As to the policy I “seem to be pursuing,” as you say, I have not meant to leave any one in doubt. I would save the Union. I would save it in the shortest way under the Constitution.

The sooner the national authority can be restored the nearer the Union will be – the Union as it was.

If there be those who would not save the Union unless they could at the same time save slavery, I do not agree with them.

If there be those who would not save the Union unless they could at the same time destroy slavery, I do not agree with them.

If I could save the Union without freeing any slaves, I would do it – if I could save it by freeing all the slaves, I would do it – and if I could do it by freeing some and leaving others alone, I would also do that.

What I do about slavery and the colored race, I do because I believe it helps to save this Union, and what I forbear, I forbear because I do not believe it would help to save the Union.

I shall do less whenever I shall believe what I am doing hurts the cause, and I shall do more whenever I believe doing more will help the cause.

I shall try to correct errors when shown to be errors, and I shall adopt new views so fast as they shall appear to be new views.

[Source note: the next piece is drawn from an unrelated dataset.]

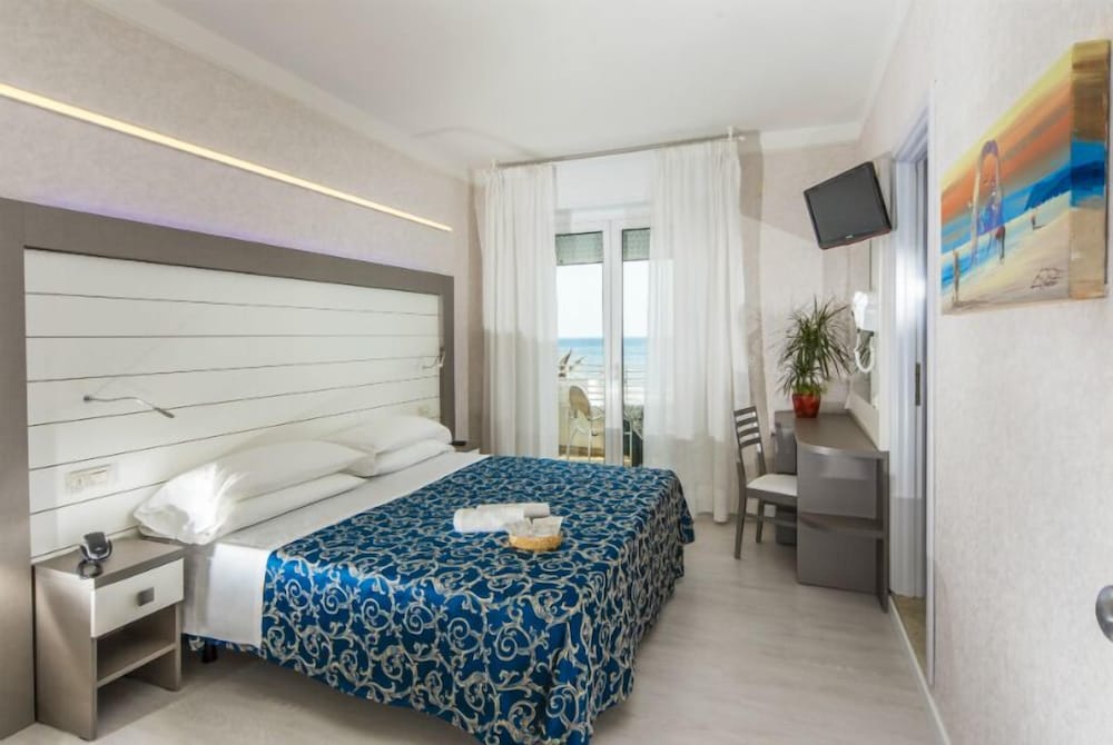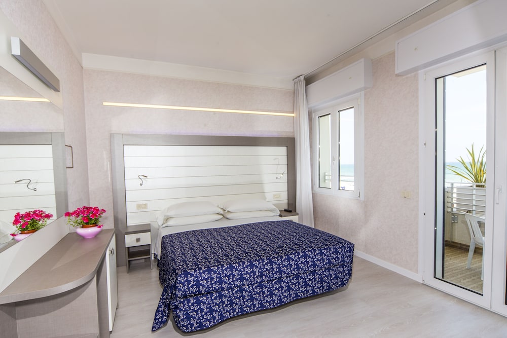 Hotel RECORD ligger i Riccione nära flygplatsen, en kvart med bil från både Rimini-stranden och Misano World Circuit Marco Simoncelli. Detta hotell vid stranden ligger 14 km från Fiera di Rimini och 16,1 km från Italien i miniatyr. Känn dig som hemma i ett av de 39 luftkonditionerade rummen med minibarer och LCD-tv. Gratis wi-fi gör att du kan hålla dig uppkopplad, och satellit-tv erbjuder underhållning. Privat badrum med dusch, regndusch och bidéer. På rummet finns värdeförvaringsskåp, skrivbord och telefon med gratis lokalsamtal. Avstånd avrundas till närmsta decimal.

I have here stated my purpose according to my views of official duty, and I intend no modification of my oft-expressed personal wish that all men everywhere could be free, Yours

A. Lincoln

Wearied by War

Horace Greeley described the toll the Civil War had taken on Mr. Lincoln, seeing him in person shortly beforeGeneral Lee surrendered. Greeley wrote:

Lincoln’s face had nothing in it of the sunny, gladsome countenance he first brought from Illinois. It is now a face haggard with care and seamed with thought and trouble…tempest-tossed and weatherbeaten, as if he were some tough old mariner who had for years been beating up against the wind and tide, unable to make his port or find safe anchorage…The sunset of life was plainly looking out of his kindly eyes.”